Let's create a Python list of feature names and use the list to select a subset of the original DataFrame.

In [20]:
# create a Python list of feature names

feature_cols = ['credit.policy', 'int.rate','installment','log.annual.inc','dti','fico','days.with.cr.line','revol.bal','revol.util'
,'inq.last.6mths','delinq.2yrs','pub.rec']

# use the list to select a subset of the original DataFrame

X = loan[feature_cols]

# print the first 5 rows of the features.
X.head()
Out[20]:
credit.policy int.rate installment log.annual.inc dti fico days.with.cr.line revol.bal revol.util inq.last.6mths delinq.2yrs pub.rec
0 1 0.1189 829.10 11.350407 19.48 737 5639.958333 28854 52.1 0 0 0
1 1 0.1071 228.22 11.082143 14.29 707 2760.000000 33623 76.7 0 0 0
2 1 0.1357 366.86 10.373491 11.63 682 4710.000000 3511 25.6 1 0 0
3 1 0.1008 162.34 11.350407 8.10 712 2699.958333 33667 73.2 1 0 0
4 1 0.1426 102.92 11.299732 14.97 667 4066.000000 4740 39.5 0 1 0

Then, let's prepare the dependent variable (response).

In [21]:
y = loan['not.fully.paid']


# print the first 5 values of the predictand

y.head()
Out[21]:
0    0
1    0
2    0
3    0
4    0
Name: not.fully.paid, dtype: int64
In [22]:
#Import Library
from sklearn.linear_model import LogisticRegression

# Create logistic regression object
model = LogisticRegression()

Train the model using the training sets and check score

Splitting X and y into training and testing sets

In [23]:
from sklearn.cross_validation import train_test_split
X_train, X_test, y_train, y_test = train_test_split(X, y, random_state=144,test_size=0.3)

# default split is 75% for training and 25% for testing

Check that the training data is 70% of the original data and the rest 30% is allocated for testing.

In [24]:
print X_train.shape
print y_train.shape
print X_test.shape
print y_test.shape
(6704, 12)
(6704L,)
(2874, 12)
(2874L,)
In [25]:
# Create logistic regression object
model = LogisticRegression()

# Train the model using the training sets and check score

model.fit(X_train, y_train)
print 'The accuracy of this model is %0.2f' %round(model.score(X_train, y_train),2)
The accuracy of this model is 0.84

The accury is similar using Python and R.

In [26]:
# Equation coefficient and Intercept

print('Coefficient: \n', model.coef_)
print('Intercept: \n', model.intercept_)

#Predict Output
predicted= model.predict(X_test)
('Coefficient: \n', array([[ -2.92864792e-02,   1.91021226e-03,   8.45693935e-04,
          2.47300223e-03,   3.05574553e-03,  -3.29998968e-03,
         -4.21654188e-05,   1.92812967e-06,   5.57896478e-03,
          1.36024983e-01,   2.14731566e-03,   7.73942901e-03]]))
('Intercept: \n', array([ 0.00289314]))


Decison trees with R

Let's predict the risk of a borrower being unable to repay a loan. The data set used here is from LendingClub.com.

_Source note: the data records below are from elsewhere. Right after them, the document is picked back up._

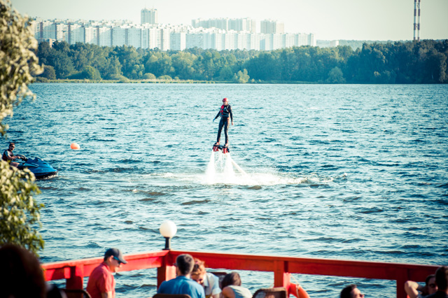 На берег Клязьминского водохранилища, в 5 км от МКАД по Дмитровскому шоссе, где находится яхт-клуб «Адмирал», можно приехать на машине, прийти на лодке и даже прилететь: у яхт-клуба имеется собственная вертолетная площадка.
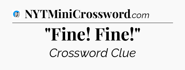 The clue “”Fine! Fine!”” most recently appeared in a USA Today Crossword on September 13, 2025.
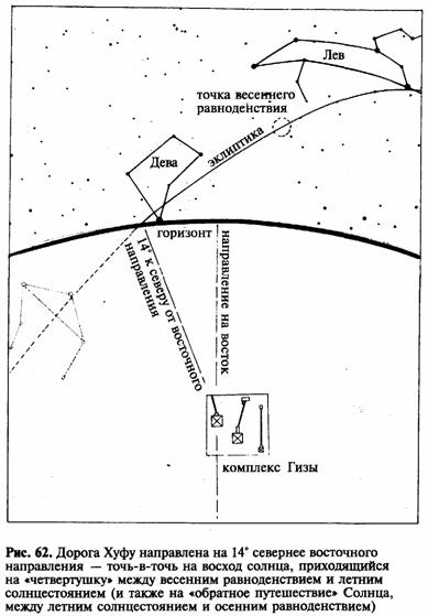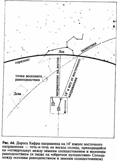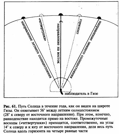 Если наблюдать восход солнца на широте Гизы систематически в течение года, то ответ на этот вопрос становится очевидным. Здесь, как и везде на нашей планете, в день весеннего равноденствия солнце восходит точно на востоке; так направлена дорога, ведущая к пирамиде Менкаура, в этом направлении смотрит Сфинкс. Особенностью широты Гизы, как мы уже отмечали несколько раз, является то, что в день летнего солнцестояния (самый долгий день в году) солнце встает на 28° севернее, а в день зимнего солнцестояния (самый короткий день) – на 28° южнее. Эти направления образуют угол 56°. На практике астрономы выделяют, как известно, дни, которые находятся как раз посередине между равноденствиями и солнцестояниями; им соответствуют четвертушки этого угла – 14° севернее и южнее чисто восточного направления. Таким образом, три дороги образуют три гигантских стрелы, характеризующие азимут восхода в день весеннего равноденствия и в дни астрономических «четвертей».
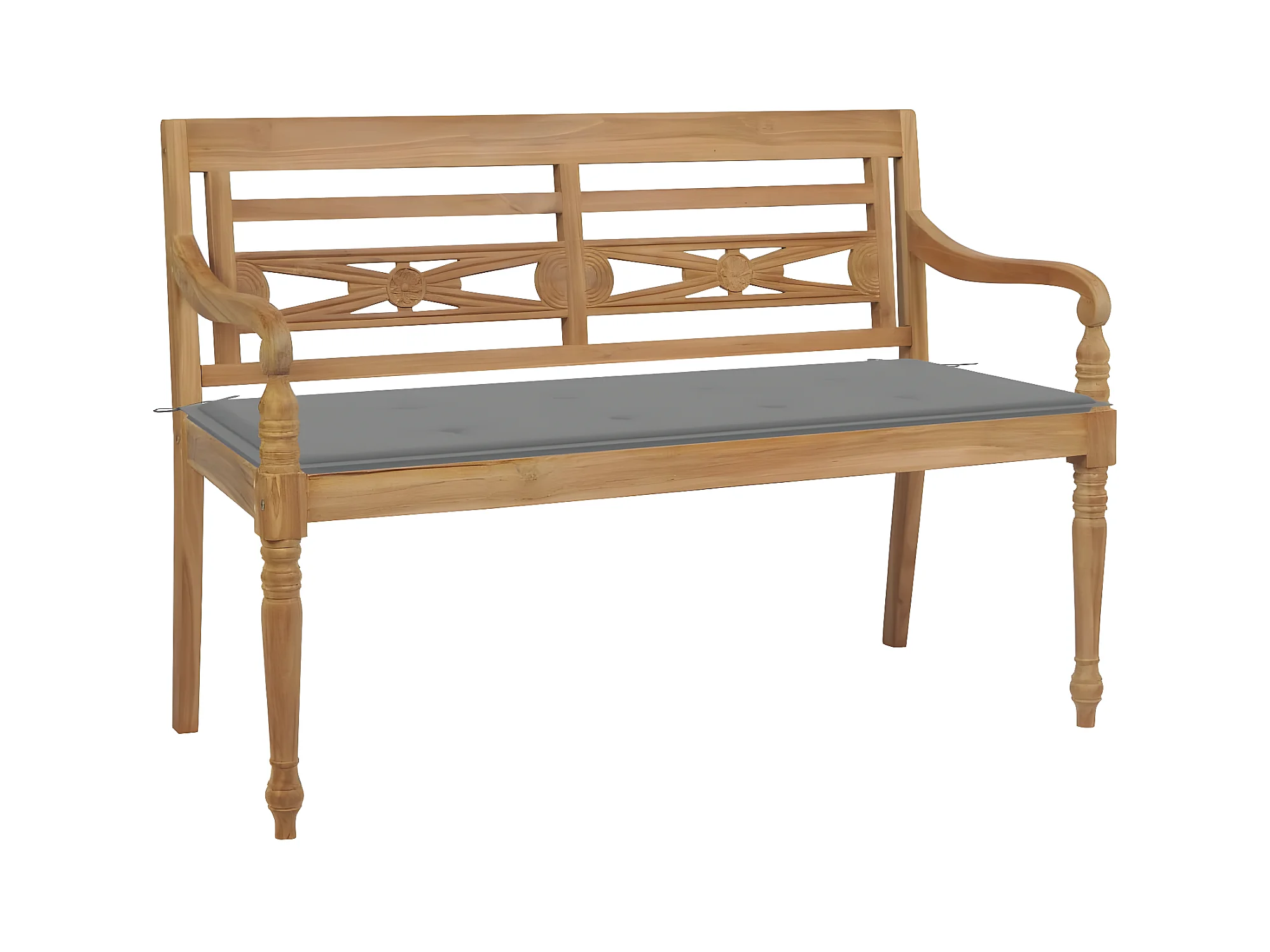 Banc Batavia avec coussin gris 120cm Bois de teck massif 2
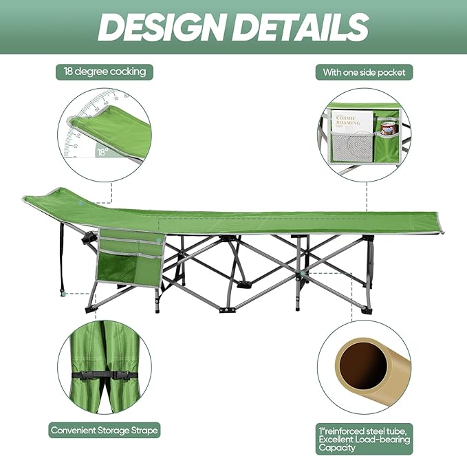 HAITRAL Portable Camping Cot with Mattress - Outdoor Folding Heavy Duty Sleeping Bed with Side Pocket for Adults - Oxford Single Lounge Chaise for Camping Tent Beach Office Max Load 300 LBS (Green)
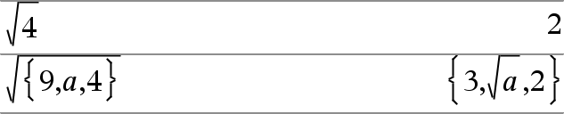 ‡ (Lista1)Þlista Entrega la raíz cuadrada del argumento. Para una lista, entrega las raíces cuadradas de todos los elementos en Lista1. Nota: Usted puede insertar esta función desde el teclado al escribir sqrt(...). Nota: Vea también Plantilla de raíz cuadrada, aquí. |
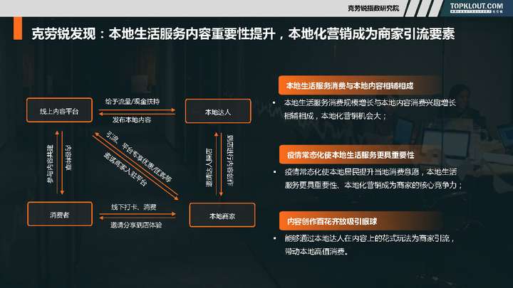 报告显示,互联网在国内本地生活服务市场的渗透率为12.7%,巨大的市场空间背后,是尚未完全释放的市场潜力。本地生活服务消费规模增长与本地内容消费兴趣增长相辅相成,本地化营销的机会相对较大。大背景下使本地居民的当地消费意愿有所提升,本地生活服务的重要性显现,本地化营销成为商家的核心竞争力,商家可以通过本地内容创作者进行引流,带动本地高值消费。
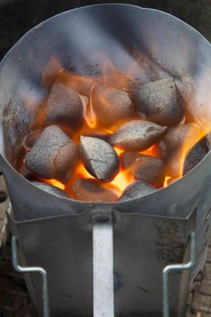 Zorg dat de ventilatieopeningen geopend zijn en leg op het rooster 2 aanmaakblokjes. Steek de aanmaakblokjes aan en plaats de starter er bovenop. Na ca. 20 min heb je mooie gloeiende kolen.
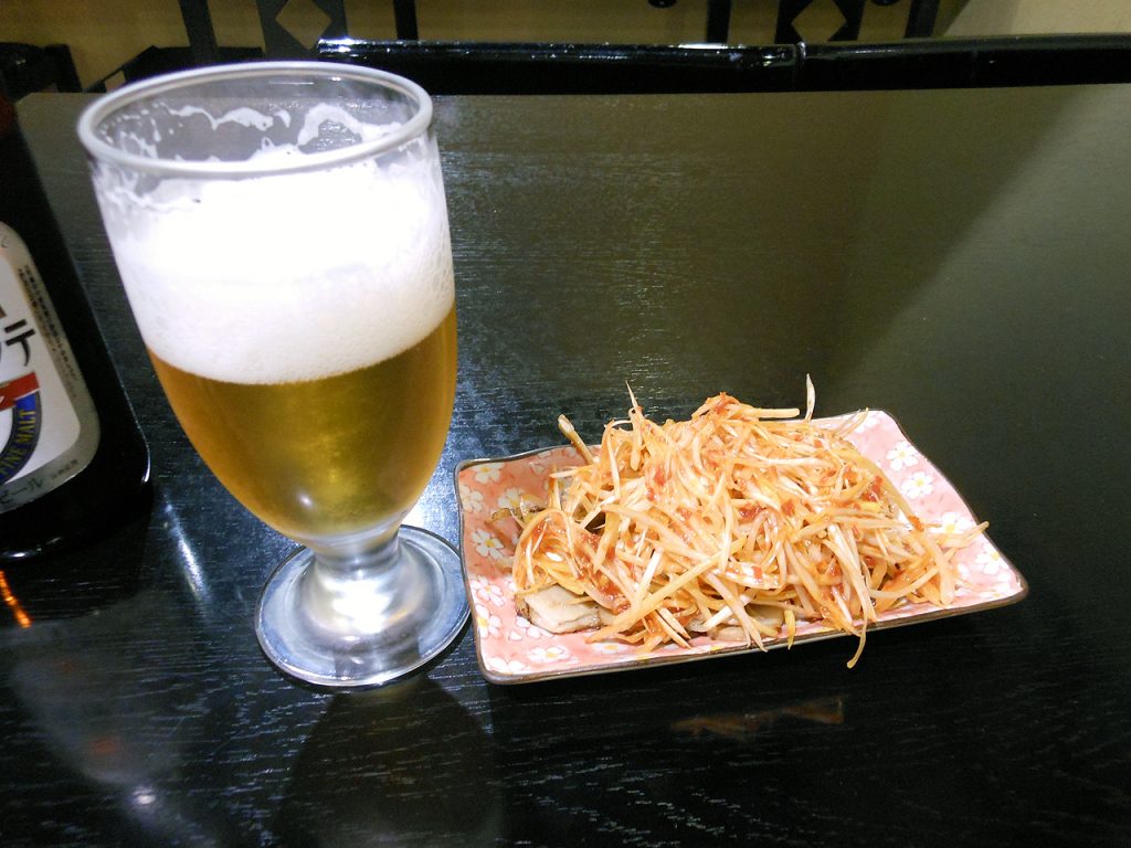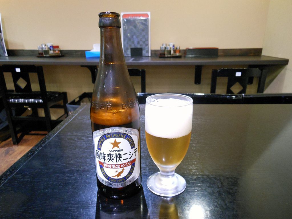 現時刻18:15。どこもかしこもオーダーストップが19時なのでサクッと食べて帰ることに。適当にも呑みたいしラーメンも食べたくなったので『魚沼ラーメン雁舎』で食べる事に。ピリ辛ネギチャーシューと油揚げと地ビールを頼んで1人晩酌。ネギチャーシューがハンパなく辛い。油揚げも絶品なんだけどね・・・味が濃すぎる!ピリ辛ネギチャーシューは辛さは良いんだがそのうちしょっぱさが目立ってくる。油揚げはそれ自体が美味いんだけどかけてある味噌だれが濃すぎて油揚げの香ばしさをぶち壊している感がある。越後人はこう言う味付けが好まれるのか?う”ーん・・・。地ビールはごく普通だった。そんなもんだろう。

Our response is the 'not_fully_paid' variable which shows that loan was not paid back in full. The data used here can be downloaded from here.

In [28]:
setwd("C:/Fish/Python/Python_vs_R")
In [29]:
library(caTools)

loans<-read.csv("loans_imputed.csv")

set.seed(144)

library(caTools)

split=sample.split(loans$not.fully.paid,SplitRatio = 0.7)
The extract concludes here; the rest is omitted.